PROBLEM - Using the data below, reproduce exactly the lines from the line with "Quân nhân Ba" to the line with "새상품급 하나이 유키코 블랙 플리츠 오간자 프릴 옷깃 블라우스 F", both included; pictures must be dropped.

DATA -
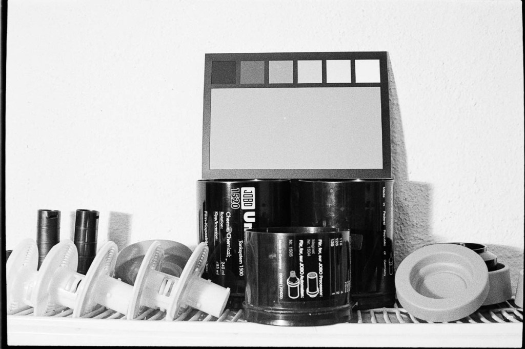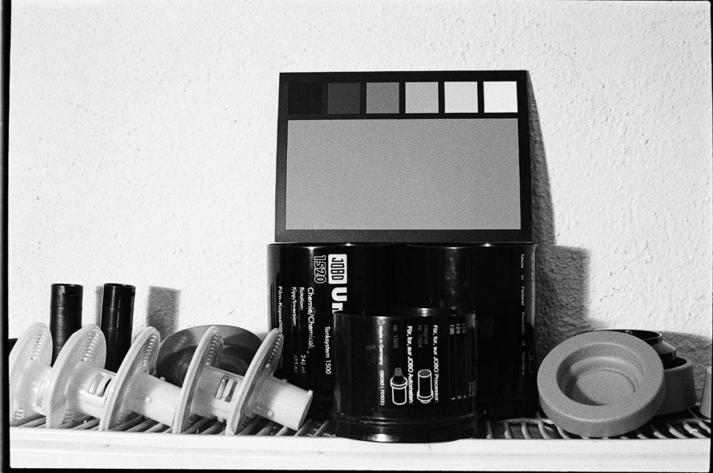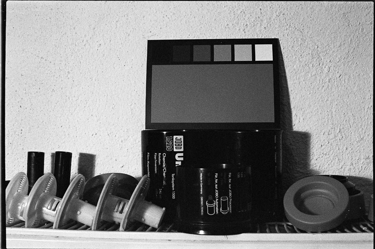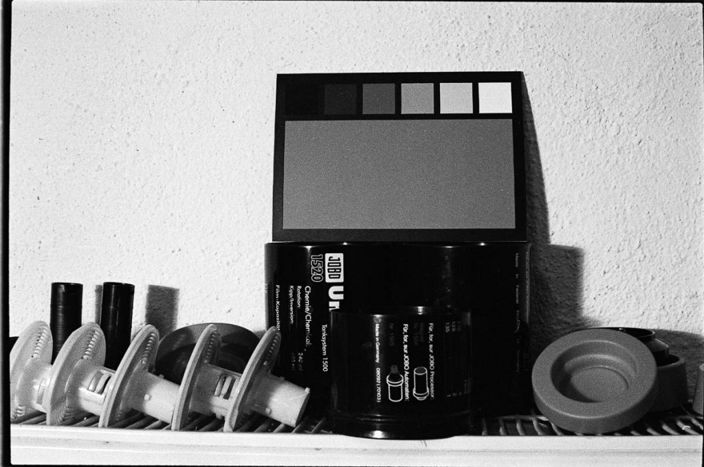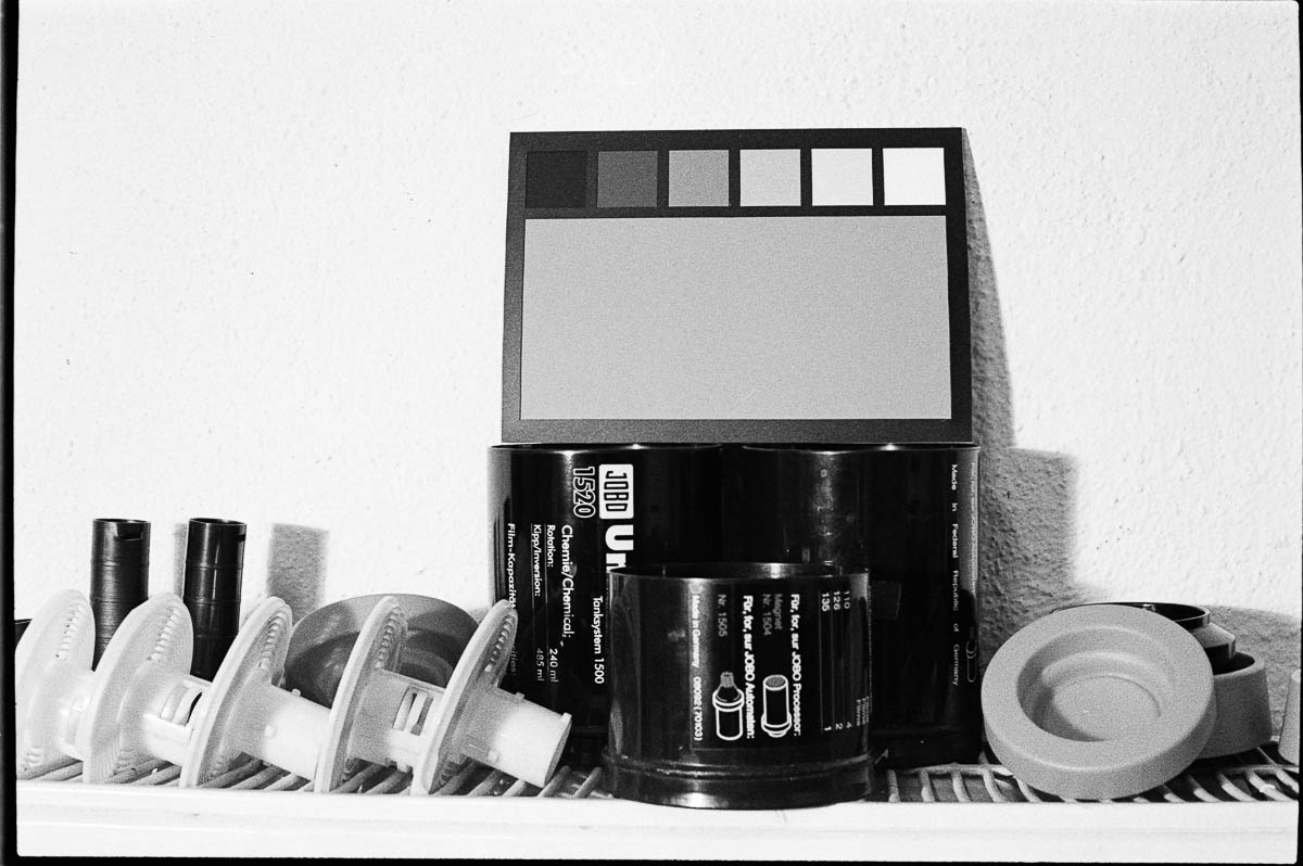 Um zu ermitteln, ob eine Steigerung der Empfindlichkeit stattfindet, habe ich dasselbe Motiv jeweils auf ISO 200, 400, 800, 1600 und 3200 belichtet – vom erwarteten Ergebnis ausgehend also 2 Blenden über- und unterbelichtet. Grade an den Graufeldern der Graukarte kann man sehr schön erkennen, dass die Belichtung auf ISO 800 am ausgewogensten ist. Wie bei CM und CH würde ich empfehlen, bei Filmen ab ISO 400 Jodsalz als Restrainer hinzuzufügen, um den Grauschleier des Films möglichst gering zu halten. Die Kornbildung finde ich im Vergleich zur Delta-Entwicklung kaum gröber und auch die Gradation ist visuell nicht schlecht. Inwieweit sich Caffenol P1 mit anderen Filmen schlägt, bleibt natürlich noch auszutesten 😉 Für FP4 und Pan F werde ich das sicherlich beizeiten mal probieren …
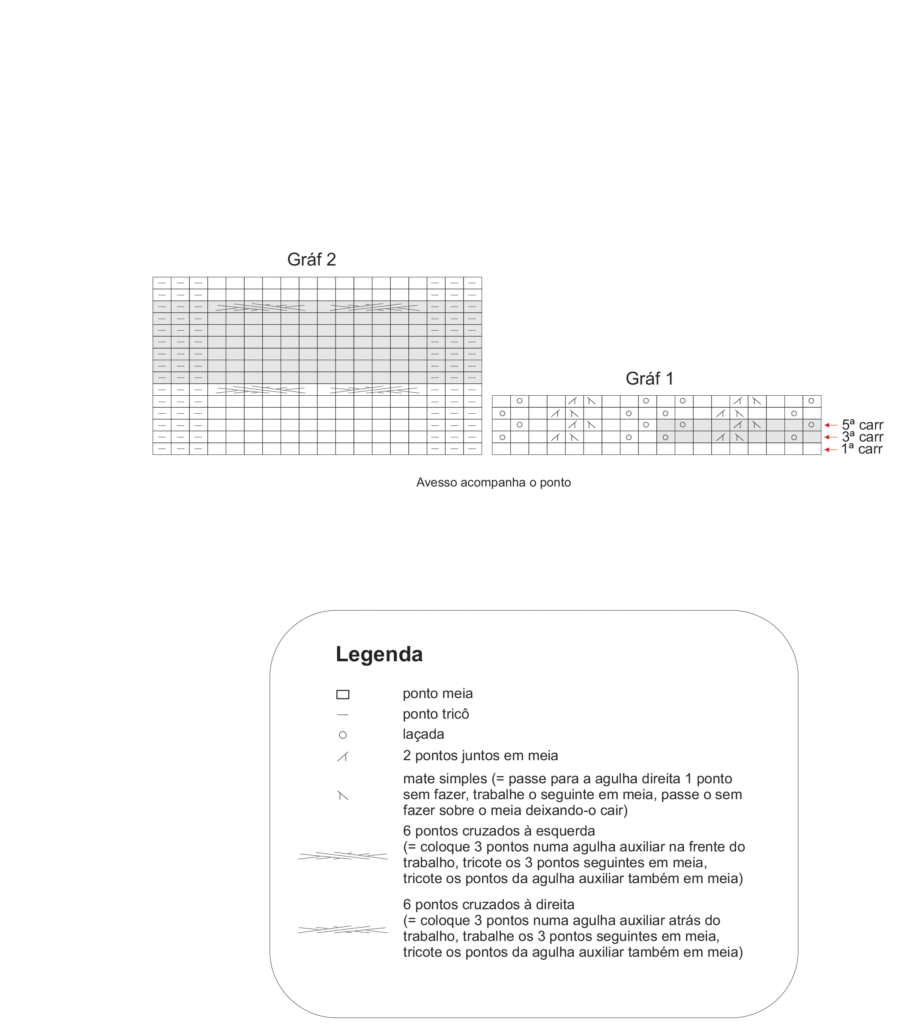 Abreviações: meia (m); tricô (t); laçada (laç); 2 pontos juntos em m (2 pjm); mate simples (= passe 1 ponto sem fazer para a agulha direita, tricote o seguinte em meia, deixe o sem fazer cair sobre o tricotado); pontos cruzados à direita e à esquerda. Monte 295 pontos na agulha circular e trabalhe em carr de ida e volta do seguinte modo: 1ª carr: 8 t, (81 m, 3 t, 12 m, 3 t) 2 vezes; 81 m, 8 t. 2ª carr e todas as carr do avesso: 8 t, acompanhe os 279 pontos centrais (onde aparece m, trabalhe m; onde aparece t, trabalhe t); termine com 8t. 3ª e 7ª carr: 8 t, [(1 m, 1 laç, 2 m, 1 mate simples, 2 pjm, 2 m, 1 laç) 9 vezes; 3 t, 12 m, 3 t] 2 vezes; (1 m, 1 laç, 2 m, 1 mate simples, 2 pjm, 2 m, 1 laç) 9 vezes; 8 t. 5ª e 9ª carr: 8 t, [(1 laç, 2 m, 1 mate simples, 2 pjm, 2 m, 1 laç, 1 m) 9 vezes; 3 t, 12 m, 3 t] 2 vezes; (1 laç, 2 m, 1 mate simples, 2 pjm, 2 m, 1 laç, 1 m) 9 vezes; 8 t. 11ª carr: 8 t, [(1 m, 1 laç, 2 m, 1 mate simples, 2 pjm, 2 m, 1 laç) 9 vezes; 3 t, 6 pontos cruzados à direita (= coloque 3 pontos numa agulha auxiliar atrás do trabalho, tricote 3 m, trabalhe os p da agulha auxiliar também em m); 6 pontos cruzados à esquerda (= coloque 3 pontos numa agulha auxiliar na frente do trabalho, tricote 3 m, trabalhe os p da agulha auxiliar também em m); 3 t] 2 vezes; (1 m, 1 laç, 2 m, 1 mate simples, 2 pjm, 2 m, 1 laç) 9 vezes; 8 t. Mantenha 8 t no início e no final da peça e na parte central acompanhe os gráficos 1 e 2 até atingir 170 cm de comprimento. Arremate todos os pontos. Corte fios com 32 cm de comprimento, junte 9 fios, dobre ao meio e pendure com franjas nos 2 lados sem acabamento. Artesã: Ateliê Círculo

==

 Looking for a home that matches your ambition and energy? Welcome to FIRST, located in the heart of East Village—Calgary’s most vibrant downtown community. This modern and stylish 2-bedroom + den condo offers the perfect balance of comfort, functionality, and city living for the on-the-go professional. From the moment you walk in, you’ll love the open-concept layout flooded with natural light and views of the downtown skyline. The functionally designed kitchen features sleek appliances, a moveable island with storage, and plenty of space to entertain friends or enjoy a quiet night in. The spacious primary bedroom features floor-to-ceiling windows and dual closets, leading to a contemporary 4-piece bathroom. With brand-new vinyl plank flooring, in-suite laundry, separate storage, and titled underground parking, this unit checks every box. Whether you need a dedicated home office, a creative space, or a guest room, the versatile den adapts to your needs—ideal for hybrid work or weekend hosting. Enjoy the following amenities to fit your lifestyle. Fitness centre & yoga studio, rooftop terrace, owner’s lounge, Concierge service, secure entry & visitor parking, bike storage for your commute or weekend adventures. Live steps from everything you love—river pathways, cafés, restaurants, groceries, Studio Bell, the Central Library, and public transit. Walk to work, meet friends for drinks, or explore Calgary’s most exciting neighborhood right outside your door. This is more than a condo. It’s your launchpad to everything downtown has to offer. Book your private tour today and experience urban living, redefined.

...

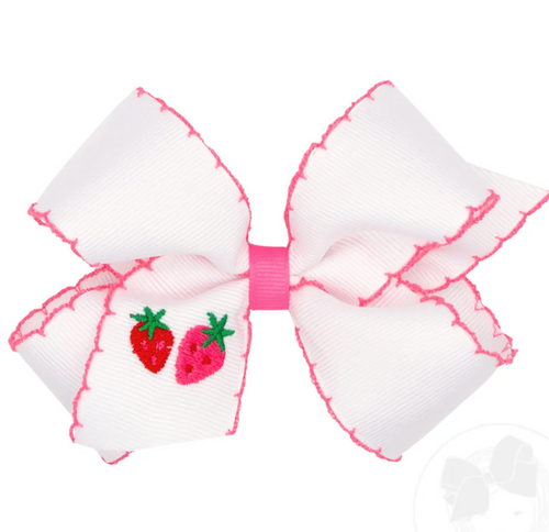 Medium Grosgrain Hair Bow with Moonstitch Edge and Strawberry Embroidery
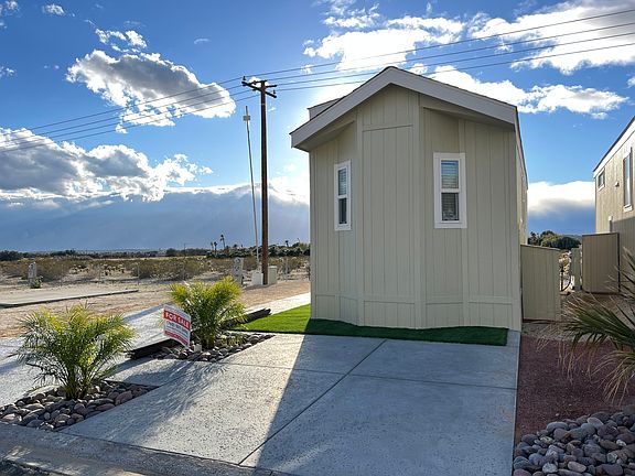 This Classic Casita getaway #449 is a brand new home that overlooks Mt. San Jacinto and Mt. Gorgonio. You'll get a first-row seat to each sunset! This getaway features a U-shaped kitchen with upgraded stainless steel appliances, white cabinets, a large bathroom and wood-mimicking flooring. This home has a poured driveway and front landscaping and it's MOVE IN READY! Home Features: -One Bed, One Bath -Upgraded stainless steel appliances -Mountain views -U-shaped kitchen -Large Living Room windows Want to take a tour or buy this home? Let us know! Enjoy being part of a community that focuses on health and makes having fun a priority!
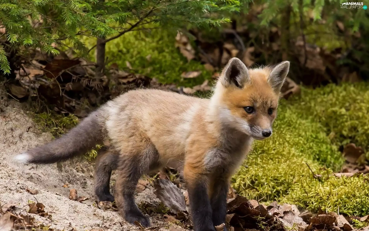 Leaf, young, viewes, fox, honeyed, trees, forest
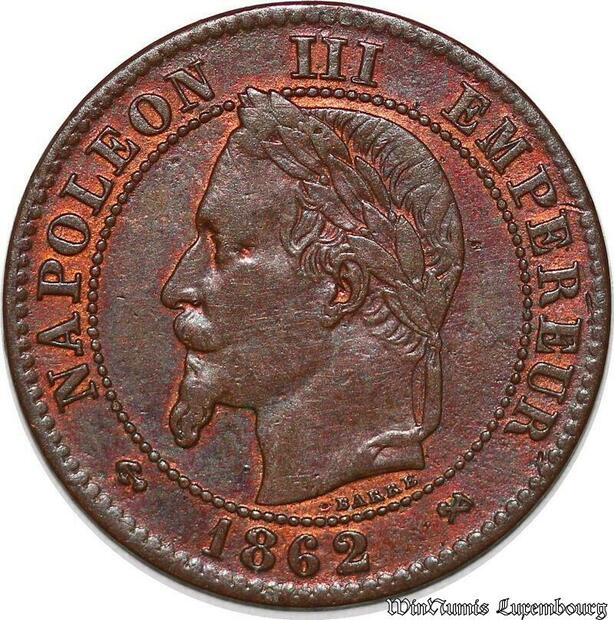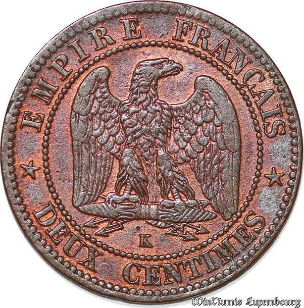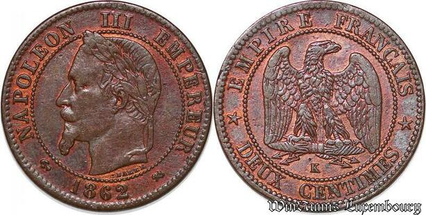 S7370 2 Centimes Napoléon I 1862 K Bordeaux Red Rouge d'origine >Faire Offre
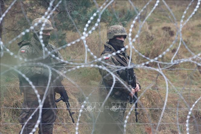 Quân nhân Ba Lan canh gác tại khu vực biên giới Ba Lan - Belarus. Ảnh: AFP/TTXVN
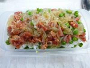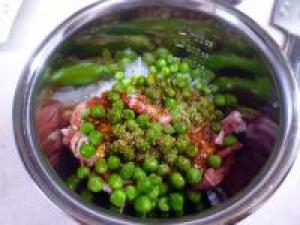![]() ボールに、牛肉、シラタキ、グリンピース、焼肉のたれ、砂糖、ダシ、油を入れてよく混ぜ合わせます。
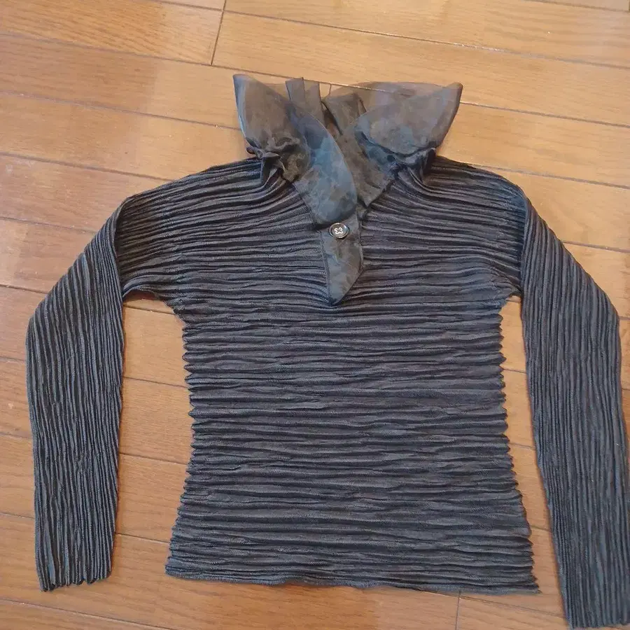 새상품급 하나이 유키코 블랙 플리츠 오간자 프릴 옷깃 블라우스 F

SOLUTION TO THE EXERCISE -
 Quân nhân Ba Lan canh gác tại khu vực biên giới Ba Lan - Belarus. Ảnh: AFP/TTXVN
![]() ボールに、牛肉、シラタキ、グリンピース、焼肉のたれ、砂糖、ダシ、油を入れてよく混ぜ合わせます。
 새상품급 하나이 유키코 블랙 플리츠 오간자 프릴 옷깃 블라우스 F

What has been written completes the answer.